So, this is sunshine…

[Editor: Froggy was outside earlier this week on the day the sun appeared for a short time. We were actually without rain for three days, but were rescued from the possible death of the mildew when it started raining again yesterday.]

[Note: Our average rainfall for the entire month of July is 6.18 inches. So far through today we have had 8.67 inches.]

Friday Ark

4 comments

1 ellroon { 07.12.13 at 10:55 am }

How about a Keystone Water Pipeline from Florida to California? We could use some of that wet stuff here!

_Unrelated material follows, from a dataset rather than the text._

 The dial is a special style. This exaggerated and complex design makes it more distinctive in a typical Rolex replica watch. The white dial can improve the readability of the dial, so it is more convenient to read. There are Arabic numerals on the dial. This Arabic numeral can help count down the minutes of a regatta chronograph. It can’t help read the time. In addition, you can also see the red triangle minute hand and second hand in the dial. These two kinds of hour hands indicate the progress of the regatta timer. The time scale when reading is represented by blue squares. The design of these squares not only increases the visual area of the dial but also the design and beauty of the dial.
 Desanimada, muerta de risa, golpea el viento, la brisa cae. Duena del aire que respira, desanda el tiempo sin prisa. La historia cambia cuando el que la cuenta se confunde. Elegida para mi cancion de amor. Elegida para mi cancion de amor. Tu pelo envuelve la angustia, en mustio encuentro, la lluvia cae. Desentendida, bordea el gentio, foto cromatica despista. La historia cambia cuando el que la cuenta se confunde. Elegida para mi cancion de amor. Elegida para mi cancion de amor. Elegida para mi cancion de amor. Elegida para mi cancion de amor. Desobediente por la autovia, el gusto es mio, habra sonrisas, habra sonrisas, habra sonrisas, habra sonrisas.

2 Bryan { 07.12.13 at 1:07 pm }

I assume that California has covered the American Canal so that it stops losing half the water to evaporation. 😉

We don’t have many reservoirs in the state, so there isn’t a start point for a pipeline.

Actually, at one reporting station on Eglin AFB to the East of me, they have reported receiving twice as much rain as we got. It definitely isn’t a good thing for tourism.

3 Badtux { 07.13.13 at 11:23 am }

The American Canal still isn’t covered, and it wasn’t losing half its water to evaporation — it was losing half its water to *seepage*, since it was unlined. Yes, it has now been lined, which annoys the Mexicans greatly because the seepage went into groundwater, which they then pumped and used for their *own* agriculture. No seepage = no groundwater = no Mexican agriculture just south of the border.

The Los Angeles Aqueduct that turns the Owens Valley into a desert has always been covered other than the storage reservoirs. It’s actually a pair of aqueducts nowadays, one pulling from the original dams on the lower Owens Valley, the other pulling from wells and the upper Owens Valley. It still boggles my mind that Los Angeles managed to pull that one off, it must have required their own private army in the early days to protect the digs from irate farmers whose water was stolen.

4 Bryan { 07.13.13 at 9:59 pm }

Western water rights issues have never made a bit of sense to anyone not from the area. The movie Chinatown is a decent introduction to the process. They certainly had private armies in California, just read the labor history for the state. Every corrupt scheme ever devised in Boston, New York, and Chicago was taken to Los Angeles where they added Technicolor and Cinerama.

It’s still annoys the hell out of me that Federal tax payers subsidize the water used to grow rice in the desert.